1.) I’m assuming input layer is equivalent to inputs to the model and output layer is equivalent to outputs of the model. Any reason for referring to it as a layer from a mental model perspective?
2.) Secondly, if z = wx + b and y = z, what is the benefit t calling out y = z if it’s functionally equivalent to the first equation? Why isn’t variable z good enough?
btw: already completed the assignment. I’m just asking these questions to help the learning gel.
The term “layer” is useful in neural networks, where you may have more activation units between the input and the output. It’s a simple term that helps describe the complexity of the model.
y does not equal z.
y is the known-correct label.
z is the prediction based on the model.
The goal is to minimize the difference between y and z, but you cannot presume the error is always going to be zero.
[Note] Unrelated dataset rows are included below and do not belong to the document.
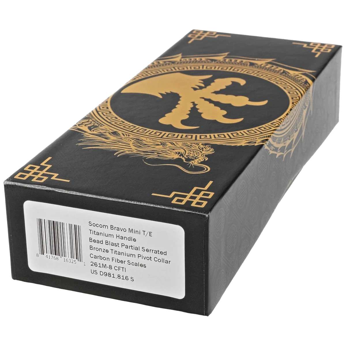 - Socom Bravo Mini T/E Titanium / Carbon Fiber, Bronze HW, Bead Blasted P/S kompaktowy nóż składany, zaprojektowany tak, aby spełniać najostrzejsze wymagania operatorów jednostek specjalnych armii USA. Najlepsze materiały, niesamowita wytrzymałość!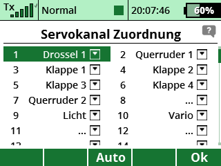 Dann wird das automatisch verknüpft und dann müssen nur die Ausschläge angepasst werden und Flugphasen eingerichtet. Und Butterfly...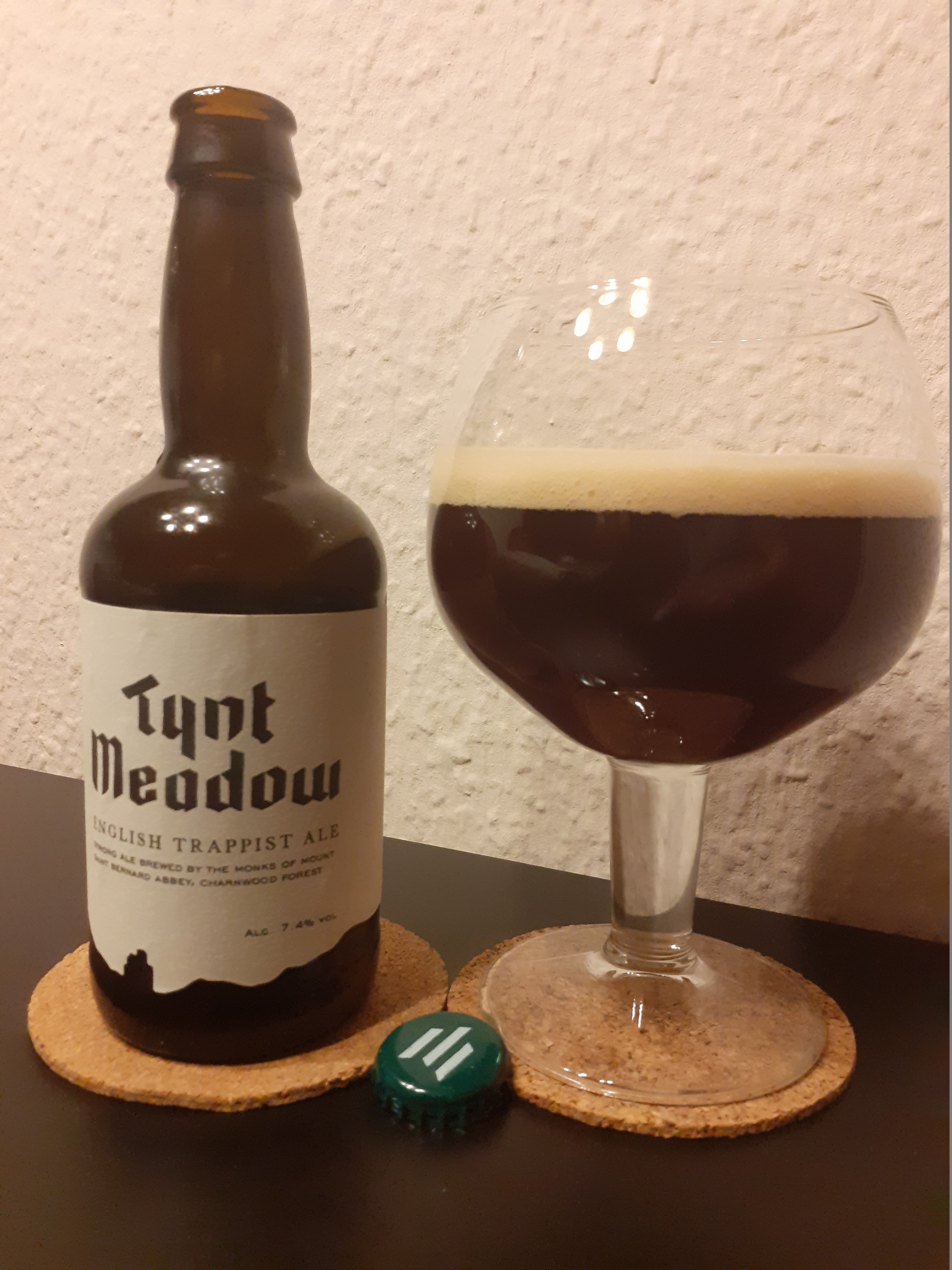 Einen englischen Trappist "Tynt Meadow", gebraut von den Mönchen der Mount Saint Bernard Abbey.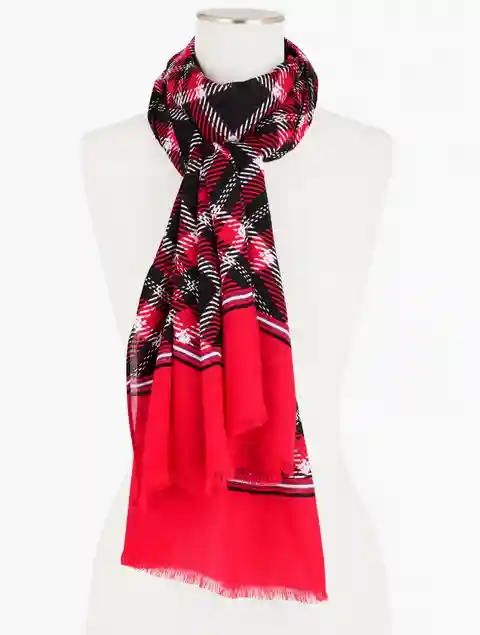A classic plaid print in the colorful shades you love. Light and versatile. Instant flair. Features Oblong Scarf Imported Fit: 27" X 72" Material: 100% Rayon Care: Machine Wash Cold; Only Non-Chlorine Bleach When Needed; Line Dry; Warm Iron With Steam If Needed | Nutcracker Plaid Oblong Scarf - Red ...more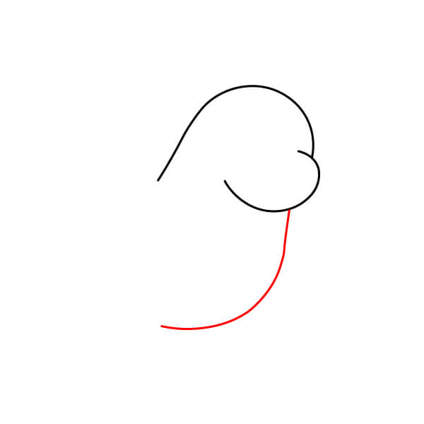 Vẽ một đường cong dài, đơn giản kéo dài xuống từ phía trước đầu để xác định phần trước của thân và cổ.

Also, I’m seeing in exercise 2, we are asked to specify the size of the input layer and output layer? What are we asking for in human terms? I’m assuming it’s equivalent to the dependent variables used to predict right for the input layer?
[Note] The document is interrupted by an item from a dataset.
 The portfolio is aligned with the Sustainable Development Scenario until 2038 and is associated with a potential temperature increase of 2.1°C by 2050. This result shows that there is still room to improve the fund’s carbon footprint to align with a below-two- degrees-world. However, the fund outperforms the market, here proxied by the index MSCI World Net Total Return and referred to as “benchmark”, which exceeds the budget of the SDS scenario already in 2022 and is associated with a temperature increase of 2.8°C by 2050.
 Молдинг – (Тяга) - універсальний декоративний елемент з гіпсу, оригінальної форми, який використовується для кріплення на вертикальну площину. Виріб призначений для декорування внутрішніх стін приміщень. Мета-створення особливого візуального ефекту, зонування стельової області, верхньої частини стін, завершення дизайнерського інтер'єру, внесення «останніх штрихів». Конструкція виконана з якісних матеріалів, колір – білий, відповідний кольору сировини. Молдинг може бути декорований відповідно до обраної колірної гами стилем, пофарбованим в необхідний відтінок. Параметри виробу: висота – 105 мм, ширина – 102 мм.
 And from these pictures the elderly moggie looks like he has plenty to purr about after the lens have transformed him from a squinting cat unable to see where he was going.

The size of the input layer is the number of features in each example in the data set.
The size of the output layer is the number of predictions being made. For linear regression (or for true/false classification), typically there is only one output (called ‘z’ or y_hat, depending on who wrote the exercise).
If you have multiple classes, then you might have more than one output. In that case the output with the highest value represents the predicted class.